One would assume that the liveries from the "other" teams were sponsor related, not dictated by the factory.


----------



## chernaudi (Oct 6, 2006)

*Re: Audi R10 TDI livery. (16v)*

In truth, that obviously had a lot to do with it, even though most of the teams inherited the Infineon Technologies sponsorship from the Joest team. But why Audi couldn't have done something like this for the R8 is beyond me.


----------



## [email protected] (Apr 9, 2004)

*Re: Audi R10 TDI livery. (16v)*


_Quote, originally posted by *16v* »_
One would assume that the liveries from the "other" teams were sponsor related, not dictated by the factory. 
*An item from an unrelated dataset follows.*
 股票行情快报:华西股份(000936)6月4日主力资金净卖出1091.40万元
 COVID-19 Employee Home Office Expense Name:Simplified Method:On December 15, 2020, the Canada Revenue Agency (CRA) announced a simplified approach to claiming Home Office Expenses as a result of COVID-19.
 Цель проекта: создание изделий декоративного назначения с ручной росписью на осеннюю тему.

Champion usually has their own look and color scheme when they're not operating as Audi Sport North America. That started back in the Porsche days.


----------



## .:RDriver (Oct 4, 1999)

*Re: Audi R10 TDI livery. ([email protected])*

All the other liveries were based on what those teams wanted to run, not Audi. Champion has used their white with color stripe thingys for years on their cars, Oreca was due to their Playstaion sponsorship, Johanson's team had the Gulf Oil livery, and Goh had their own design Audi UK was the closest to the factory, probably cause they were representing Audi UK or just didnt have their own design to start with.
Audi wasnt "leaving" the good liveries to the privateers, the privateers did what they wanted.
See the history of Champion liveries here. http://www.speedarena.com/news...shtml


----------



## chernaudi (Oct 6, 2006)

*Re: Audi R10 TDI livery. (.:RDriver)*

Well, we'll probably never see anything like that again, unless the next Audi LMP is a gas engined car, or Champion for some reason goes back to Porsche.
And we'll have to wait until Monday for our first taste of the new R10 on a race circuit in it's current state in North America. That's the first of two days of private test before the race practice/testing starts. Hopefully someone will be watching the times, and see how fast this beast really is.
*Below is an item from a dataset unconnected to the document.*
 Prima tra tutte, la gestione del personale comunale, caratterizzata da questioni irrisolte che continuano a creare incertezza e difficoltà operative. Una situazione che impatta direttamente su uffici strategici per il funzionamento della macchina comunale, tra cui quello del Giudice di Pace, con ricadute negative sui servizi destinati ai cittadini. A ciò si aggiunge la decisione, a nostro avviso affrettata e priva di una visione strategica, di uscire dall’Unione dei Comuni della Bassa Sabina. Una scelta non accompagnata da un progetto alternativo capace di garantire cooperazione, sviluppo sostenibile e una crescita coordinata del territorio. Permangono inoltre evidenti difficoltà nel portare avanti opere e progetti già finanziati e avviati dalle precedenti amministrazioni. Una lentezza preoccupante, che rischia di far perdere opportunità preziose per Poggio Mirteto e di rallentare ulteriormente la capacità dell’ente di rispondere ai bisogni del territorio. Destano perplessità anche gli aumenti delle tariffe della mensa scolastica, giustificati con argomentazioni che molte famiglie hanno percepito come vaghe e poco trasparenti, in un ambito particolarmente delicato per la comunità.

_Modified by chernaudi at 12:48 PM 3-8-2007_


_Modified by chernaudi at 12:49 PM 3-8-2007_


----------



## .:RDriver (Oct 4, 1999)

*Re: Audi R10 TDI livery. (chernaudi)*


_Quote, originally posted by *chernaudi* »_Well, we'll probably never see anything like that again, unless the next Audi LMP is a gas engined car, or Champion for some reason goes back to Porsche.

Can you possibly explain that conclusion?


----------



## chernaudi (Oct 6, 2006)

*Re: Audi R10 TDI livery. (.:RDriver)*

Well, only a factory backed team can run the R10 for as far as I can see. Oreca has even said so, and they want a R10 next year.
And the factory/sponsors pretty much dictates what the paint scheme will be in that case.


----------



## 16v (Aug 4, 1999)

*Re: Audi R10 TDI livery. (chernaudi)*


_Quote, originally posted by *chernaudi* »_Well, only a factory backed team can run the R10 for as far as I can see. Oreca has even said so, and they want a R10 next year.
And the factory/sponsors pretty much dictates what the paint scheme will be in that case.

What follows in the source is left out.